Input data section start

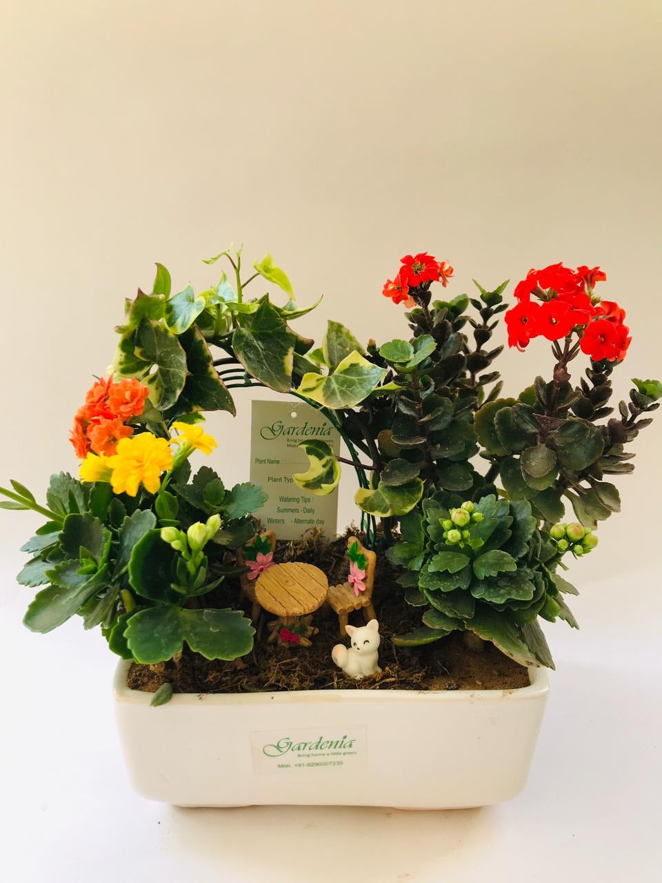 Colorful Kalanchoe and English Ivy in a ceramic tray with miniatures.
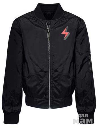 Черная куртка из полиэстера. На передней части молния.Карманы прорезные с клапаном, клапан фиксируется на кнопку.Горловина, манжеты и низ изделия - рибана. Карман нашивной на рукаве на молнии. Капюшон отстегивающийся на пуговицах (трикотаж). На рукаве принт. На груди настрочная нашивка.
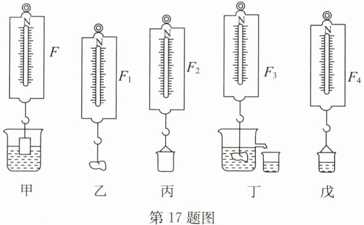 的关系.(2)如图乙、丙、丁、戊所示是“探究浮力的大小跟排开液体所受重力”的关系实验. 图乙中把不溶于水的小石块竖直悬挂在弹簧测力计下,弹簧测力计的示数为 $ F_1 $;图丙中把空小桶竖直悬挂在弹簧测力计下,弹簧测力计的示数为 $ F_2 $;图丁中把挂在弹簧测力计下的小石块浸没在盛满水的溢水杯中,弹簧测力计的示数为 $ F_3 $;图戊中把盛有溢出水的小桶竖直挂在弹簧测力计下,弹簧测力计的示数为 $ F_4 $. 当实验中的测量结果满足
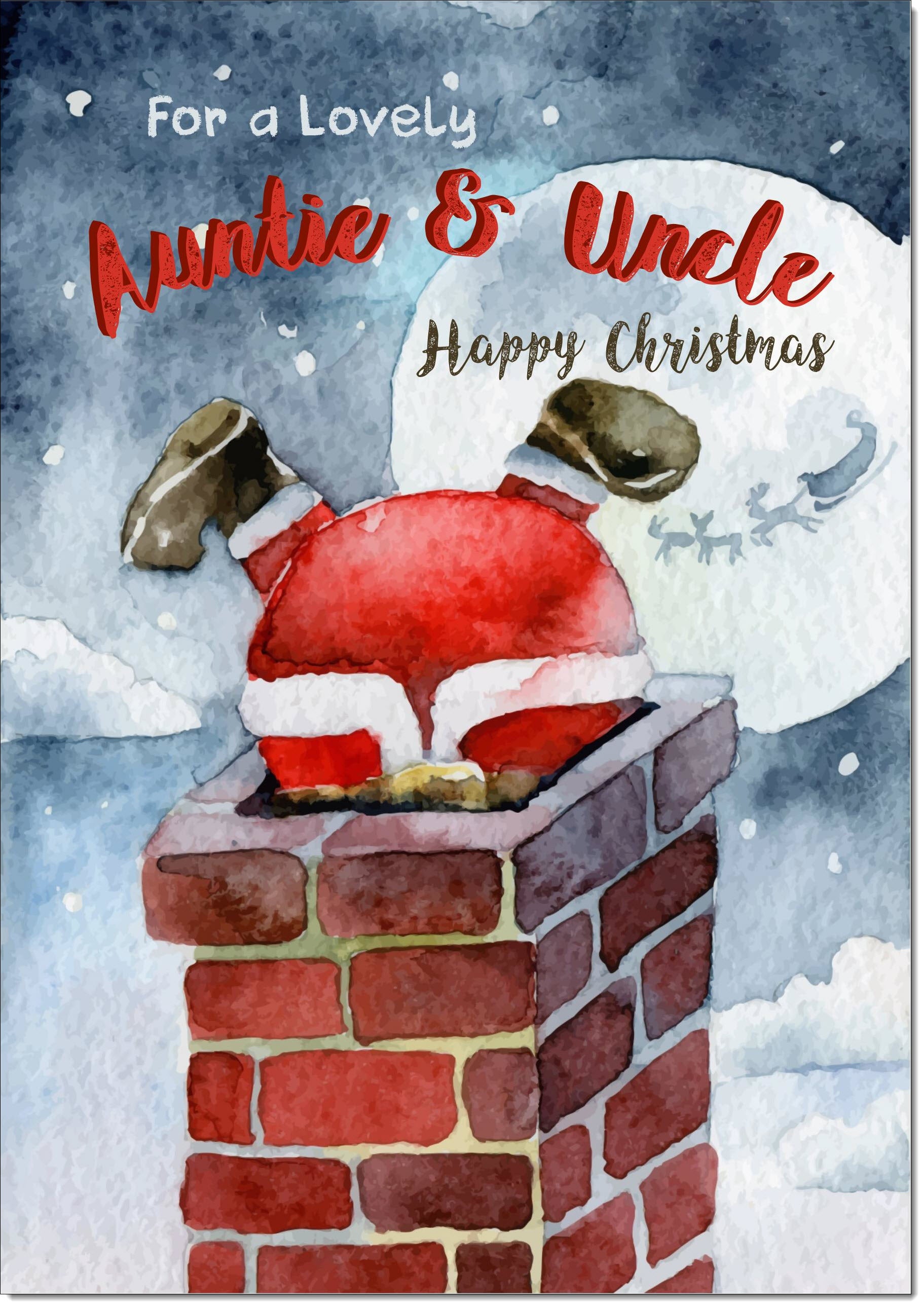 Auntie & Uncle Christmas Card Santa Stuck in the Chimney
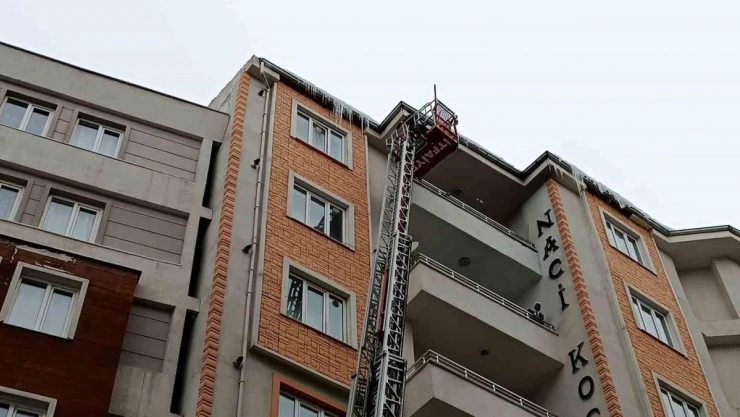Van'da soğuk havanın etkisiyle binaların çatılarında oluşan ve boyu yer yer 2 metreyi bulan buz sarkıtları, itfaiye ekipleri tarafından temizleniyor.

Input data section end

### What you have to do
Starting with the line containing "Auntie & Uncle" and ending with the last line of the records above, write out each line exactly; no pictures.

### Task result
 Auntie & Uncle Christmas Card Santa Stuck in the Chimney
Van'da soğuk havanın etkisiyle binaların çatılarında oluşan ve boyu yer yer 2 metreyi bulan buz sarkıtları, itfaiye ekipleri tarafından temizleniyor.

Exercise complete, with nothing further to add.